## [DESCRIPTION OF THE TASK]
With the images excluded, set down every line of the listing below exactly.

## [THE DATA]
- Opening Delimiter -

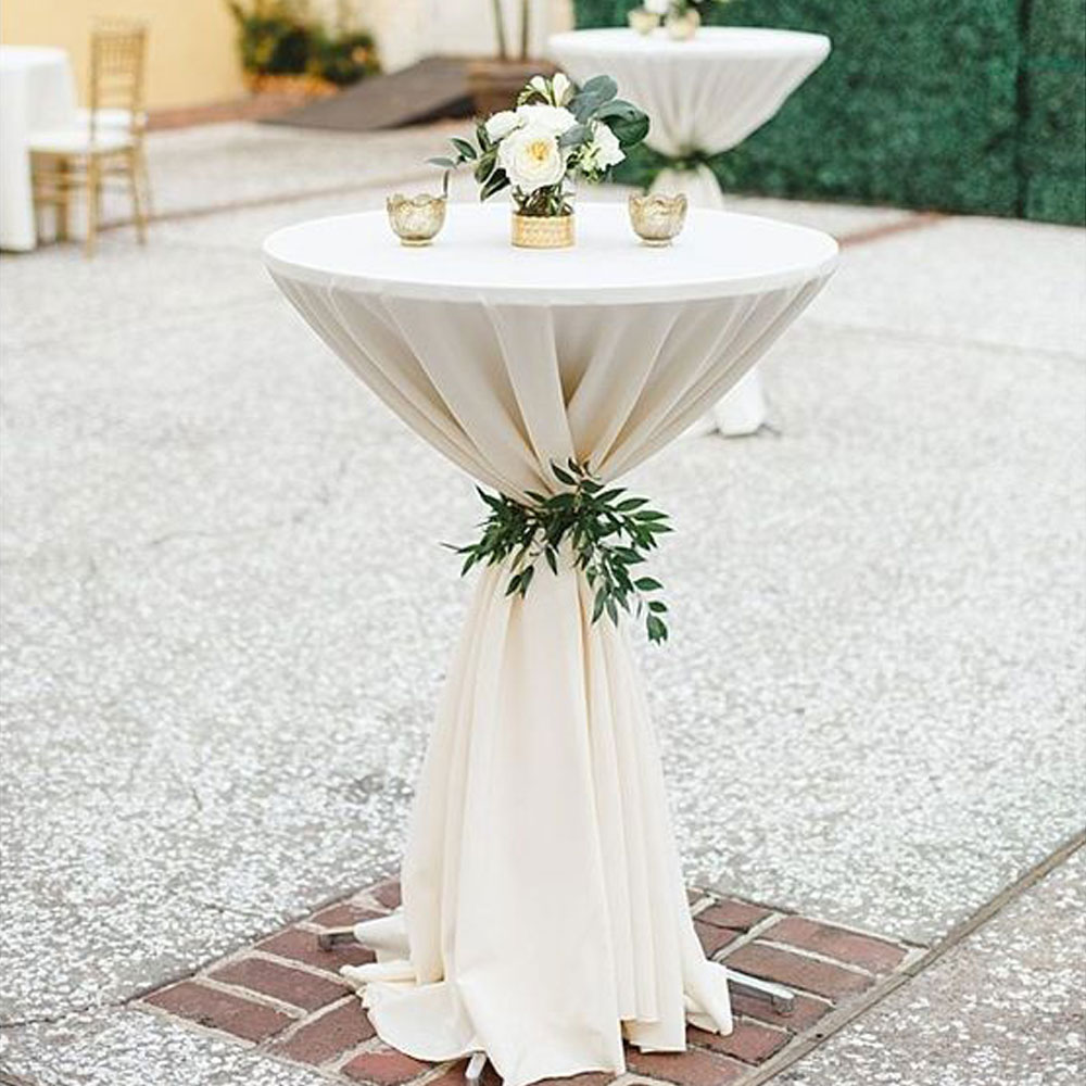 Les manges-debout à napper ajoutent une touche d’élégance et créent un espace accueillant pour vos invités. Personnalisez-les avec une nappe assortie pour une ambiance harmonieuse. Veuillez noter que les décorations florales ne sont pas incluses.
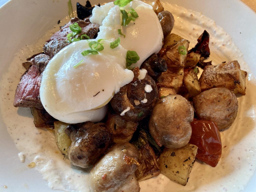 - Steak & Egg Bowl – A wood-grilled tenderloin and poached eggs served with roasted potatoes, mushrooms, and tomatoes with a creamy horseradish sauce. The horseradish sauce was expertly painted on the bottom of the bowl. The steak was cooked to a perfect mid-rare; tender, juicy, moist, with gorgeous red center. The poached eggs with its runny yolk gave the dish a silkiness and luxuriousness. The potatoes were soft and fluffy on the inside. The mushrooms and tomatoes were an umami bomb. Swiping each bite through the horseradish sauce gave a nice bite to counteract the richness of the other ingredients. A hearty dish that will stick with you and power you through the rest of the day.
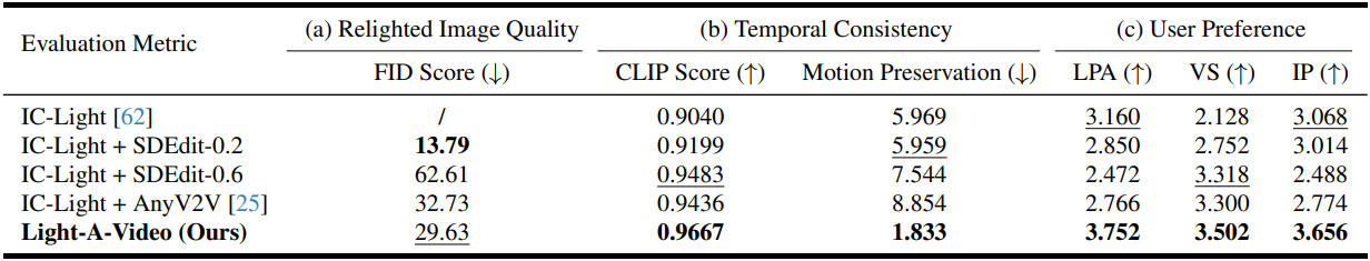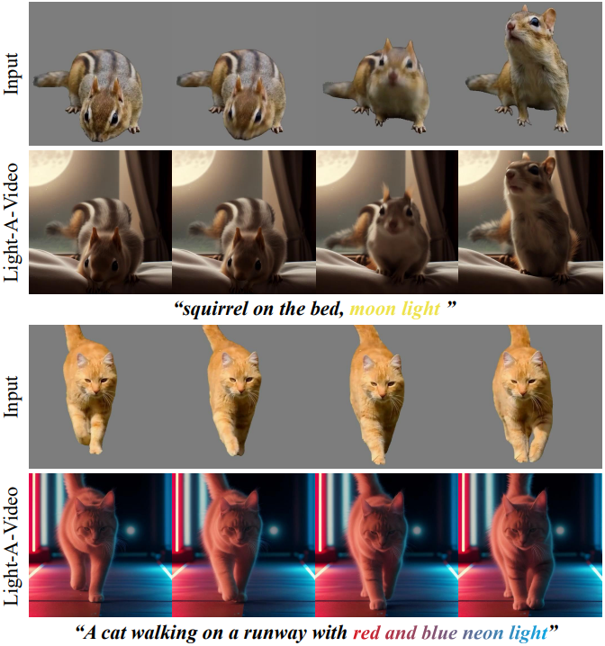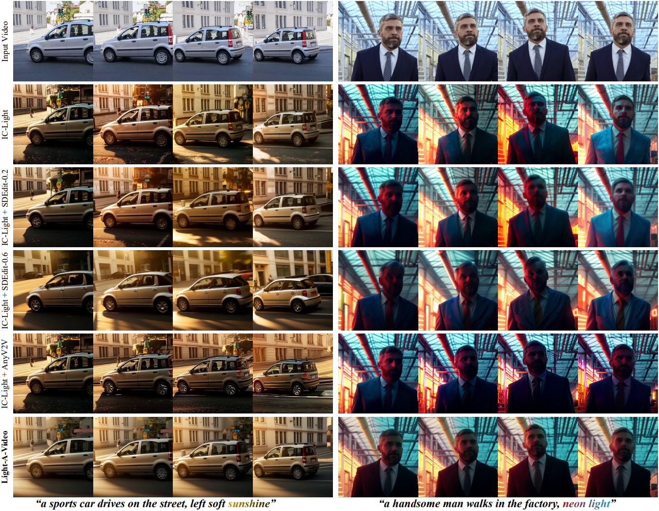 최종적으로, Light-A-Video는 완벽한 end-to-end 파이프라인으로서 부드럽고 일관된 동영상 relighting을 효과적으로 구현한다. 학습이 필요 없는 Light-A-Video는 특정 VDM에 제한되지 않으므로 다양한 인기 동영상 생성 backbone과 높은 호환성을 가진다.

- Closing Delimiter -

## [WRITTEN SOLUTION]
 Les manges-debout à napper ajoutent une touche d’élégance et créent un espace accueillant pour vos invités. Personnalisez-les avec une nappe assortie pour une ambiance harmonieuse. Veuillez noter que les décorations florales ne sont pas incluses.
 - Steak & Egg Bowl – A wood-grilled tenderloin and poached eggs served with roasted potatoes, mushrooms, and tomatoes with a creamy horseradish sauce. The horseradish sauce was expertly painted on the bottom of the bowl. The steak was cooked to a perfect mid-rare; tender, juicy, moist, with gorgeous red center. The poached eggs with its runny yolk gave the dish a silkiness and luxuriousness. The potatoes were soft and fluffy on the inside. The mushrooms and tomatoes were an umami bomb. Swiping each bite through the horseradish sauce gave a nice bite to counteract the richness of the other ingredients. A hearty dish that will stick with you and power you through the rest of the day.
 최종적으로, Light-A-Video는 완벽한 end-to-end 파이프라인으로서 부드럽고 일관된 동영상 relighting을 효과적으로 구현한다. 학습이 필요 없는 Light-A-Video는 특정 VDM에 제한되지 않으므로 다양한 인기 동영상 생성 backbone과 높은 호환성을 가진다.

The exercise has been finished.